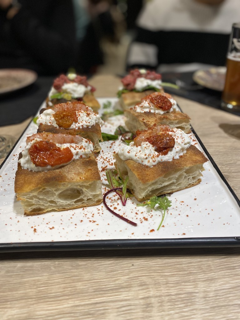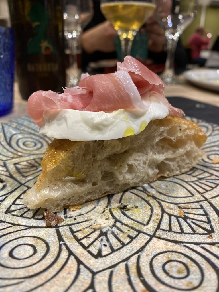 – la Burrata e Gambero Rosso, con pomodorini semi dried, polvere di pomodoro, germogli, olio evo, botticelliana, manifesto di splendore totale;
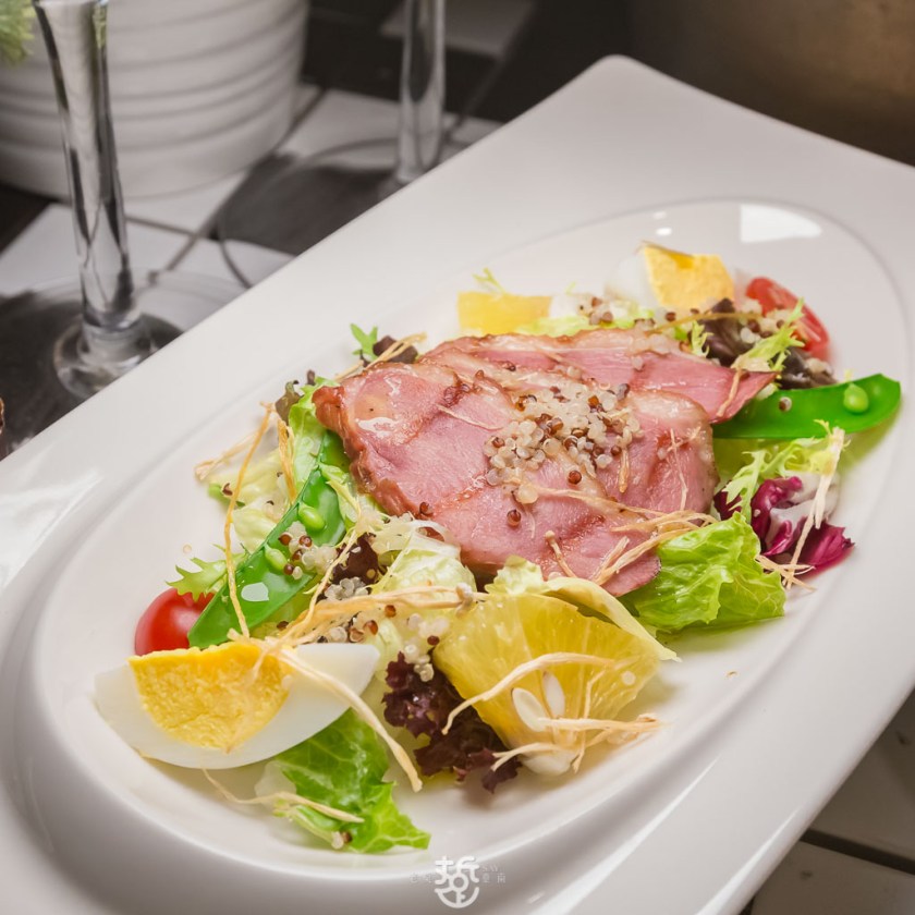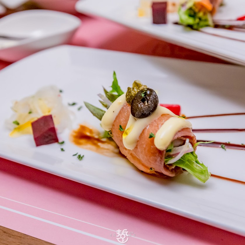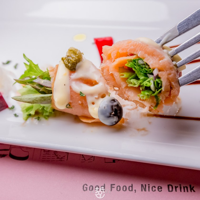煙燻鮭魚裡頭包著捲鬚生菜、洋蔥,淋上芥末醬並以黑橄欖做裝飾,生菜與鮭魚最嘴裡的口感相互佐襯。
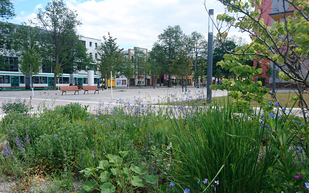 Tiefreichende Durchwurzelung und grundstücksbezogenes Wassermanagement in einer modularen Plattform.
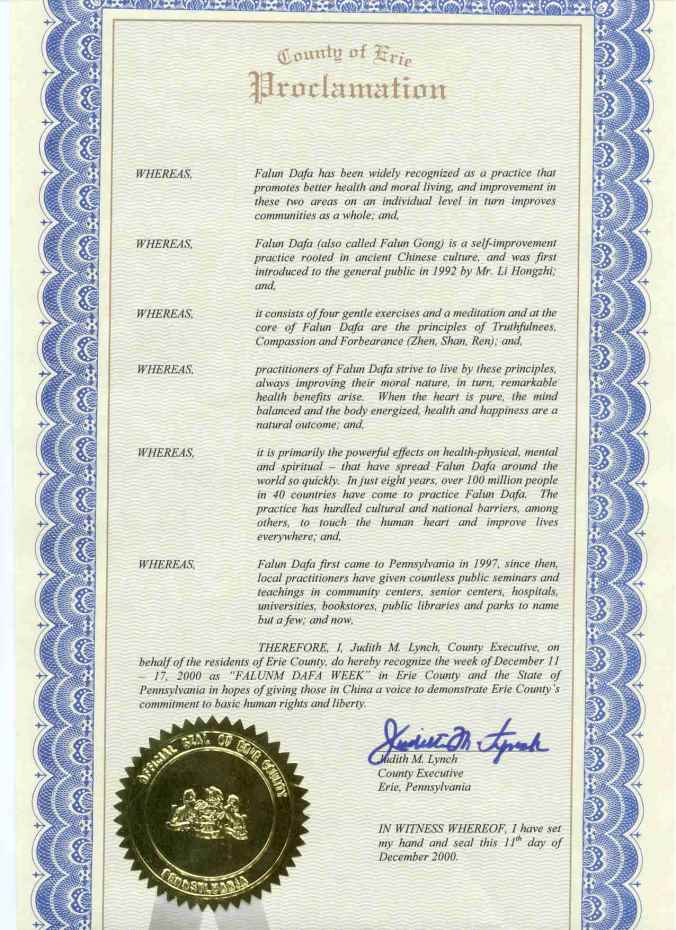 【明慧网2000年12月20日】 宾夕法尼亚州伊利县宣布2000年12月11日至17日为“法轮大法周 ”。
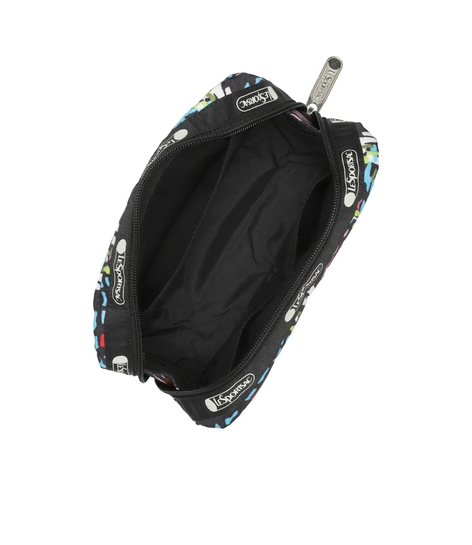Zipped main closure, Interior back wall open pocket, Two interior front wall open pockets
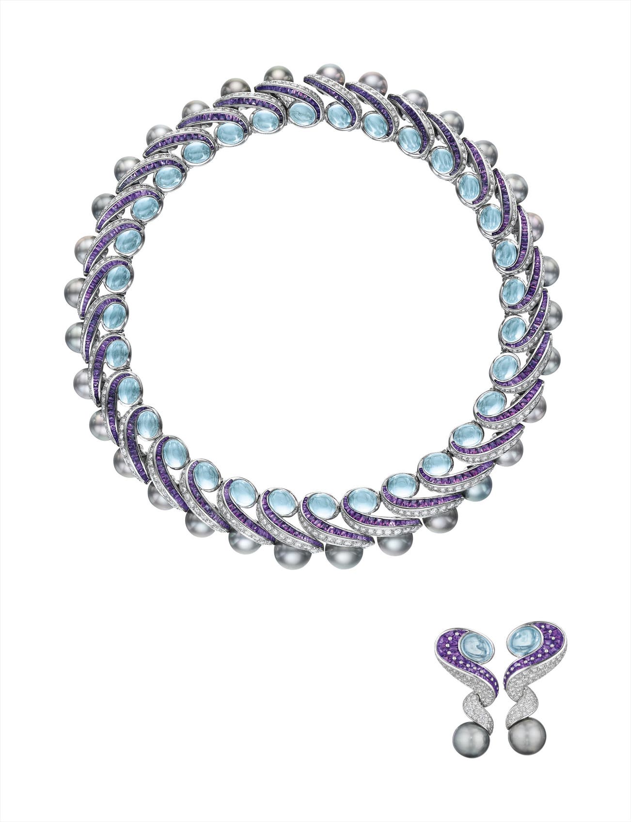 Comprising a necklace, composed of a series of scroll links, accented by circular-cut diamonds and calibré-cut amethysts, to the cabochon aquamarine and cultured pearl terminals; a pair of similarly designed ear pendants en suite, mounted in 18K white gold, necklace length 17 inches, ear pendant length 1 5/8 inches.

> [Goal of the exercise]: No pictures belong in the copy. Return exactly the lines from the line containing "煙燻鮭魚裡頭包著捲鬚生菜、洋" through the last line of the listing.

> [Answer]:
煙燻鮭魚裡頭包著捲鬚生菜、洋蔥,淋上芥末醬並以黑橄欖做裝飾,生菜與鮭魚最嘴裡的口感相互佐襯。
 Tiefreichende Durchwurzelung und grundstücksbezogenes Wassermanagement in einer modularen Plattform.
 【明慧网2000年12月20日】 宾夕法尼亚州伊利县宣布2000年12月11日至17日为“法轮大法周 ”。
Zipped main closure, Interior back wall open pocket, Two interior front wall open pockets
 Comprising a necklace, composed of a series of scroll links, accented by circular-cut diamonds and calibré-cut amethysts, to the cabochon aquamarine and cultured pearl terminals; a pair of similarly designed ear pendants en suite, mounted in 18K white gold, necklace length 17 inches, ear pendant length 1 5/8 inches.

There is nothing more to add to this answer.